I think the answer lies in Geoffrey Moore’s work on the Flow of Innovation and, specifically, the difference between core and context. Patents are relevant in the area of core capabilities – the activities that create distinct value for an organization because they create clear competitive differentiation. As Moore points out, core capabilities are areas where organizations invest more resources. But nowadays Fortune 500 companies are questioning the value of internalizing all that investment. Companies like Proctor & Gamble have proven how success one can be by integrating innovation between organizations. Patents and PCLs then become a critical requirement in being able to innovate core capabilities in a world of open innovation.
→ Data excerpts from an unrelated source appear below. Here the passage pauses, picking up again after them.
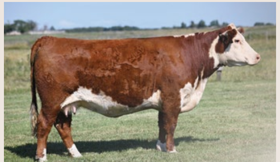
Dam of Lot 4
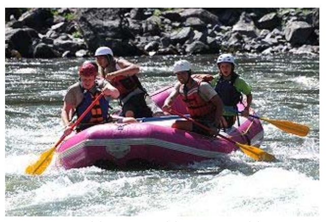
Sunshine as a whitewater guide

Retaining a boy in a troop until he is 18 certainly serves to provide a good role model and leader for the younger boys, but I suggest it does not help to fully develop a young man. Learning to lead your peers has great value.
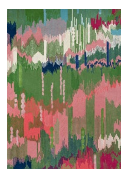
WILDERNESS peridot/emerald 144507
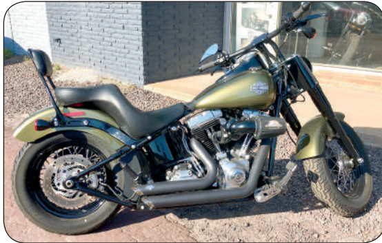
Mike Dante, Mountain Top 2016 Harley-Davidson Soft Tail Slim
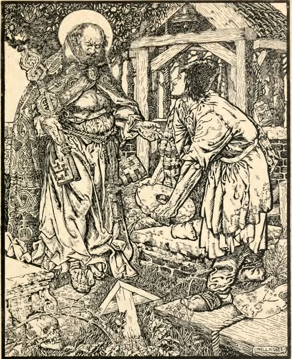
SUDDENLY ST PETER APPEARED TO HIM
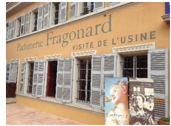
Fragonard Perfume Factory

This morning, we take a breathtaking drive along one of Europe's most famous stretches of Mediterranean coastline as we head towards Monaco. A walking sightseeing tour here takes you to the grand Prince's Palace , where we will have some free time, before continuing to view 1920s Courthouse , the Cliffside Oceanographic Museum , and the Cathedral , where Grace Kelly is buried. We then travel further to visit the famous Fragonard Perfume Factory . Here, we will be taken on a fascinating guided tour around this working factory. Afterwards, we proceed to Nice, where we will stop for lunch to sample some excellent local cuisine and warm-hearted hospitality. Our journey continues to Cannes, where we will stop for photos of the Palais des Festival , home to the city's annual international film festival, before transferring to Avignon Nord. Overnight in Avignon or a nearby city.
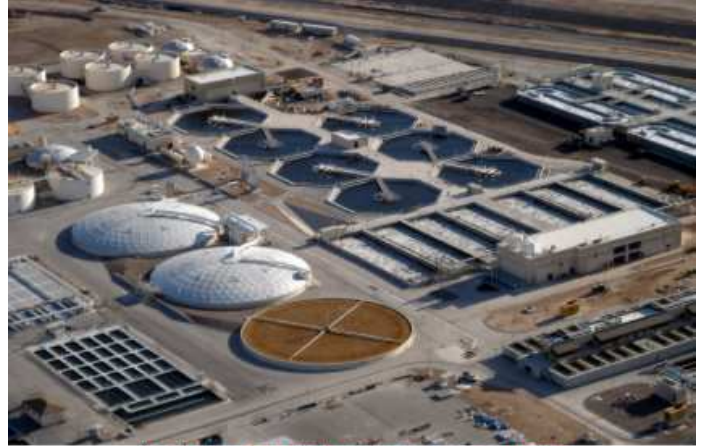
24/7 Emergency Industrial Automation, Electronic and Motor Troubleshooting

Context, on the flip side, is everything that is not core. And, to Moore’s point, organizations seek to extract resources in these areas. Open source has unique value in achieving that objective. There are few mechanisms more successful than open source in remove price and supplier distortions that make resource extraction difficult, if not impossible. But where patents underpin open innovation, open source underpins shared commoditization. Or, as I define it, patents are critical to achieving core competency while open source is critical in achieving collective competency.

Therefore, open source and patent must co-exist as two components of a comprehensive approach to opening up an organization.

Having said all this there is one inconvenient truth that Phelps avoids – at least up to the point in the book I’ve read up to. What happens to all those organizations that can’t build up juicy patent portfolios because of the cost, overhead and complexity associated with doing so? How do they get to participate in this brave new world of PCL-based shared innovation?

But that’s a topic for another day.

4 Comments »

Category: The Future of Ownership - IP & IT Industry     Tags:

4 responses so far ↓

  • 1 Patent Cross-LIcensing & Open Source – Two Sides of the Same Coin? | Open Hacking   February 19, 2010 at 4:27 am

    [...] original here: Patent Cross-LIcensing & Open Source – Two Sides of the Same Coin? This entry was posted on Thursday, February 18th, 2010 at 10:09 pm and is filed under News, [...]

  • 2 FredericBaud   February 19, 2010 at 8:06 am

    Saying that patents underpin open innovation is a narrow and unfortunate interpretation of the concept of open innovation. It is true this is the one promoted by Henry Chesbrough, but this is nevertheless only a particular case of a wider range of possible strategies that includes “open collaborative innovation” which relies on commons and not IP protected assets (see for example http://hbswk.hbs.edu/item/6325.html ).

    I would have strong reservations about saying PCL agreements are necessarily a good thing for the community. If they are based on a viral approach by creating open patent pools, then it is a way to mitigate the negatives of IP laws. If they are closed agreements, they may just turn out to be a tool helping collusion between bigger organizations, at the expense of smaller ones, in order to extract a larger share of the rent created by IP laws: If you are Microsoft and IBM, what’s the point in battling over back and forth reattribution of the spoils. If you can prevent smaller organizations to join, this becomes an efficient tool to plunder these smaller peers, without taking the risk of being wrong footed by one of your big fellows.